- EXERCISE PROMPT
Output nothing but the lines from the one holding "Portadas de las" to the end of the listing. Reproduce them exactly, without the pictures.

- DATA FOR PROCESSING
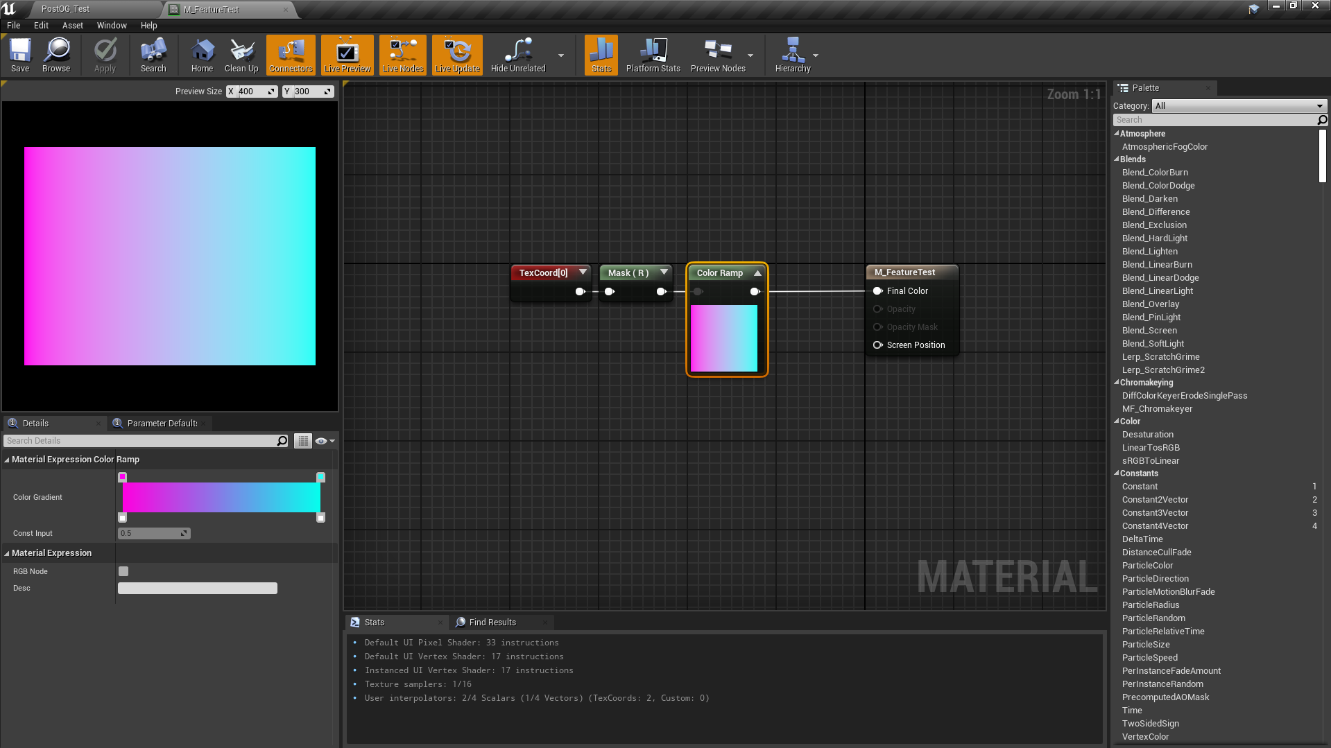 Colour Ramps are a much loved feature that blenders materials use for many things, it got partially added in UE 5.6 but disabled due to a bug. I thought the node was really useful so I backported it (minus the bug)!
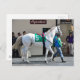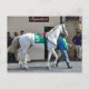 Zen Papa, a well built white-roan, 3 year old colt, going to the post at Aqueduct during a cold Winter day. Led by his groom and handler and ridden by jockey Irad Ortiz jr. wearing the green and white saddlecoth number 5. This gorgeous thoroughbred is built like a machine as he walks towards the paddock as his admirers look on.
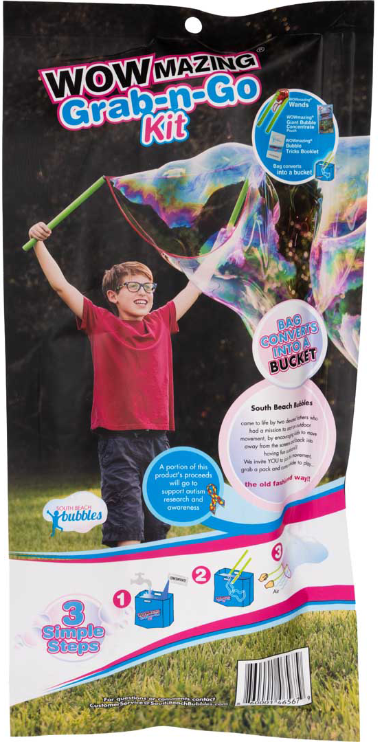 Komplekt sisaldab kontsentraadipakki ja spetsiaalset pulka seebimullide tegemiseks. Selle komplekti eripäraks on see, et seebimullide tegemiseks ei pea anumat kaasas kandma, sest komplektis olev kott muutub ise anumaks! SOUTH BEACH BUBBLES´iga lood SUPERhiiglaslikke mulle! Seebimullide võlu sünnib siis, kui lapsed mängivad koos pere või sõpradega värskes õhus, päikese all – see on imeline suvine ajaviide! Lapsed unustavad kiiresti kõik elektroonikaseadmed ja tahavad õues nautida erakordselt suuri seebimulle. Need seebimullid on tohutud, värvilised ja kauakestvad. Ideaalsed mängimiseks aias, pargis või rannas. Täiuslik tegevus lastele erinevatel puhkudel, näiteks sünnipäevapidudel. Keskkonnasõbralik – mittetoksiline ja biolagunev. Lihtne ja ohutu kasutada. Kasutamine: vala koti sisu komplekti, sega 1 liitri kraaniveega ja sega hoolikalt läbi. Seebimullidega mängimine parandab koordinatsiooni ja arendab motoorseid oskusi. Soovitatav lastele alates 6. eluaastast. Hoiatus! Ei sobi alla kolmeaastastele lastele. Mitte alla neelata. Hoida silma sattumisest eemal. Kasutada täiskasvanu järelvalve all. Valmistatud USAs - kõrgeim kvaliteet. Sisaldab: 1 paar mullipulki nööriga, kott seebimulli kontsentraati, millest saab 1 liitrit mullivedelikku, anum mullivedeliku jaoks. Valmistatud mullivedelikku saab kasutada erinevate mullimänguasjadega, näiteks mullimasinate või -kahuritega, mullipulkadega. Kui lahust jääb alles, muutub see seistes kontsentreeritumaks ja järgmisel mängimisel tekivad veelgi suuremad ja kauem püsivad mullid. Pulga pikkus: 32 cm.
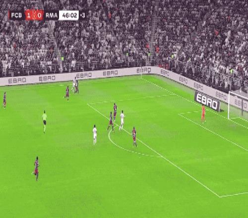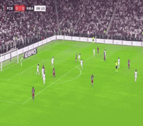 拉菲尼亚选择自己射门,琼阿梅尼防守不及,皮球打进远角,巴萨取得领先。
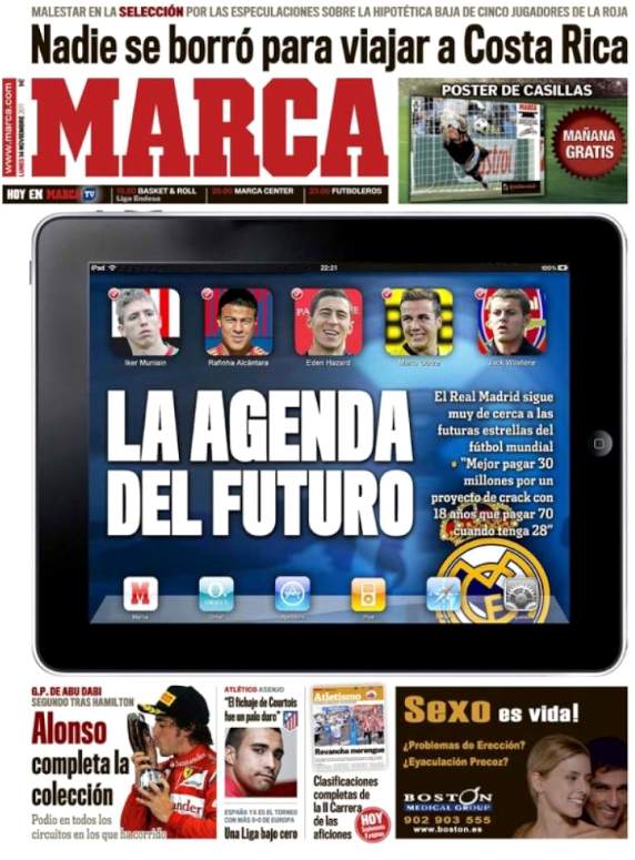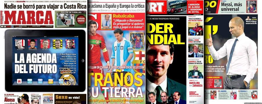 Portadas de las cuatro grandes cabeceras de la prensa deportiva española.
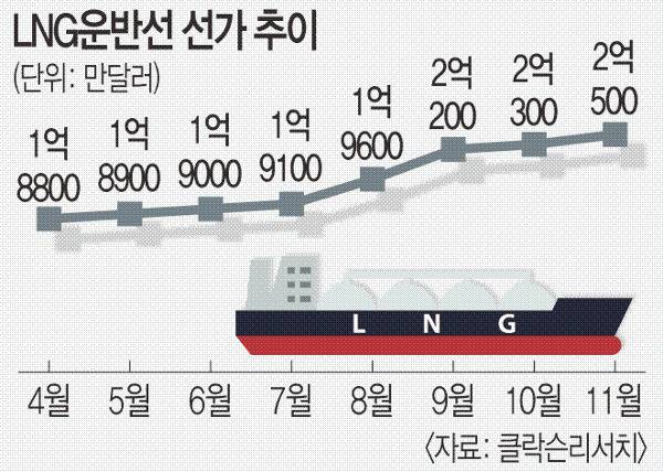 지난달에 선종별 선가를 보면 LNG선(17만4000㎥)이 2억500만 달러로 가장 높았다. 이어 컨테이너선(2만2000~2만4000TEU)이 1억8700만 달러, 초대형 유조선(VLCC)이 1억900만 달러 등이었다. LNG 운반선 가격은 한 달 사이 200만 달러(약 24억원)가 오르는 등 두드러진 상승세를 보였다. 국제해사기구(IMO)의 환경 규제가 본격화되면서 친환경 선박인 LNG선 수요가 늘었기 때문이다. 한국은 올해 들어 지난달까지 발주된 LNG선(592만CGT)의 91%를 가져왔다.

- OUTPUT FOR THIS EXERCISE
 Portadas de las cuatro grandes cabeceras de la prensa deportiva española.
 지난달에 선종별 선가를 보면 LNG선(17만4000㎥)이 2억500만 달러로 가장 높았다. 이어 컨테이너선(2만2000~2만4000TEU)이 1억8700만 달러, 초대형 유조선(VLCC)이 1억900만 달러 등이었다. LNG 운반선 가격은 한 달 사이 200만 달러(약 24억원)가 오르는 등 두드러진 상승세를 보였다. 국제해사기구(IMO)의 환경 규제가 본격화되면서 친환경 선박인 LNG선 수요가 늘었기 때문이다. 한국은 올해 들어 지난달까지 발주된 LNG선(592만CGT)의 91%를 가져왔다.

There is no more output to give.